Specific Aim 1 : Determine whether passive transfer of homologous or heterologous type L2-specific neutralizing antibodies protects rabbits from cutaneous cotton-tail rabbit papillomavirus (CRPV) infection and genital mucosal challenge with rabbit oral papillomavirus (ROPV). Furthermore, while L1 virus-like particle vaccines induce only type-specific neutralizing antibody, vaccination with HPV L2 induces antibodies that cross-neutralize diverse HPV genotypes, implying: Hypothesis II: L2 contains multiple neutralizing epitopes that are conserved amongst the genital HPV types.
Specific aim 2 : Identify the neutralizing epitopes in L2s of HPV16 and determine their cross-reactivity with other papillomaviruses. Patients have been vaccinated with a therapeutic vaccine containing full length L2 protein. We propose: Hypothesis IlI: Patients immunized with HPV16 or HPV6 L2 generate antibodies that neutralize a broad range of genital HPV types.

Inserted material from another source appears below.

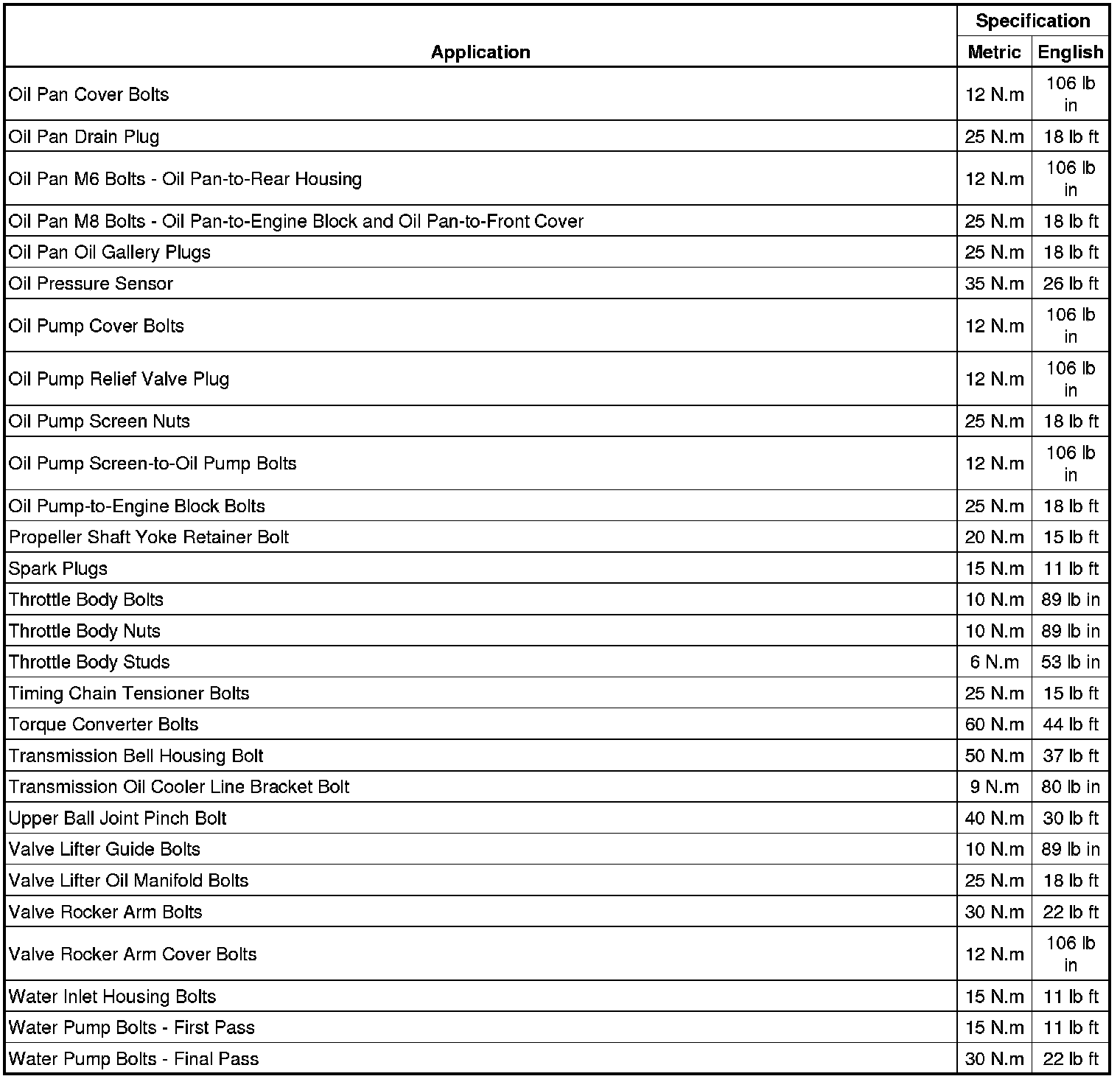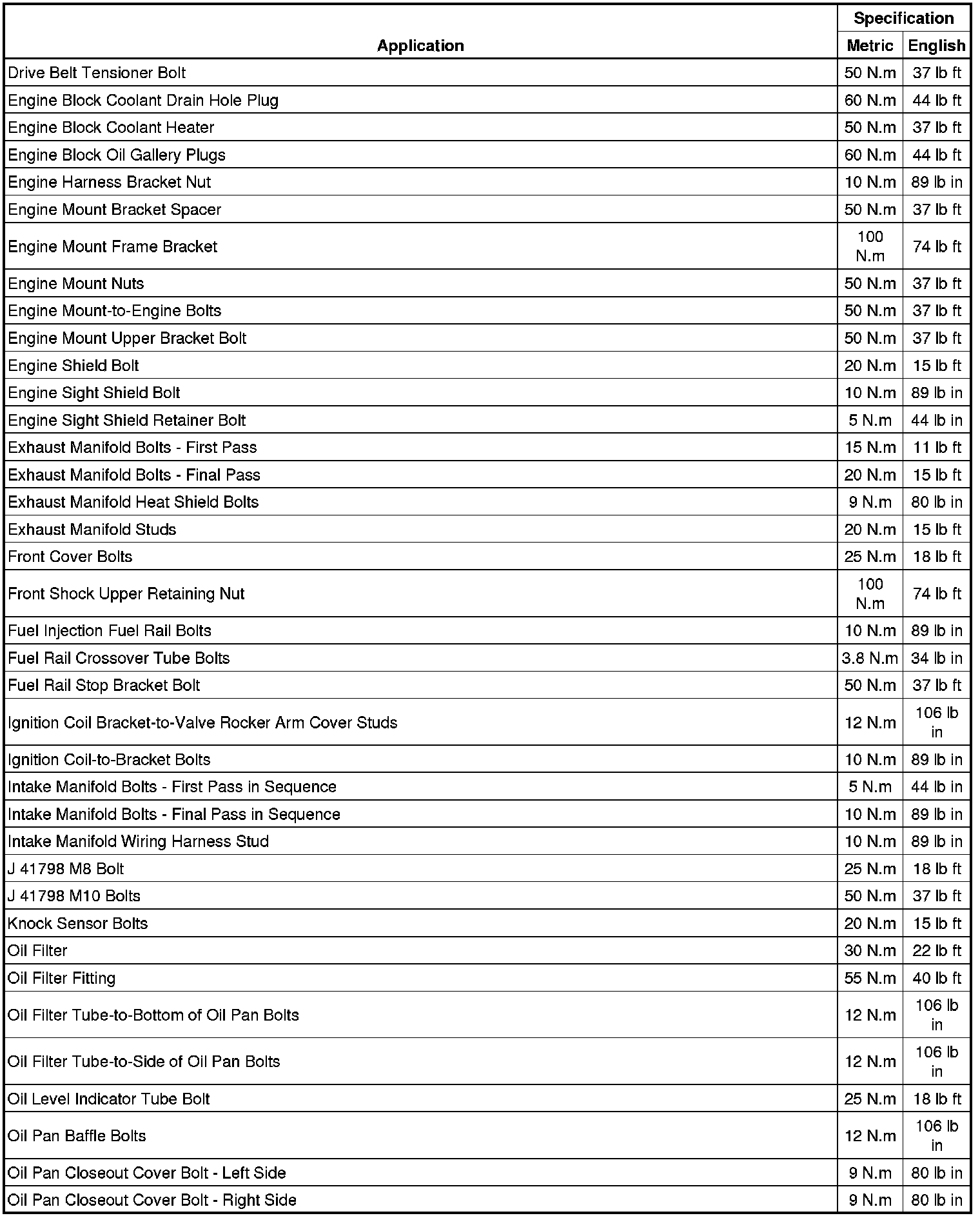 Torque Specifications

Specific Aim 3 : Determine whether patients immunized with HPV16 or HPV6 L2 fusion proteins generate antibodies that neutralize a broad range of genital HPVs. Natural history studies provide an opportunity to correlate antibody against neutralizing epitopes in L2 with a reduction in subsequent oncogenic HPV infection of both homologous and heterologous genotypes. Hypothesis IV: Patients that develop antibody to the cross-neutralizing epitopes in response to natural HPV infection are protected from subsequent infection by both the homologous and heterologous oncogenic HPVs.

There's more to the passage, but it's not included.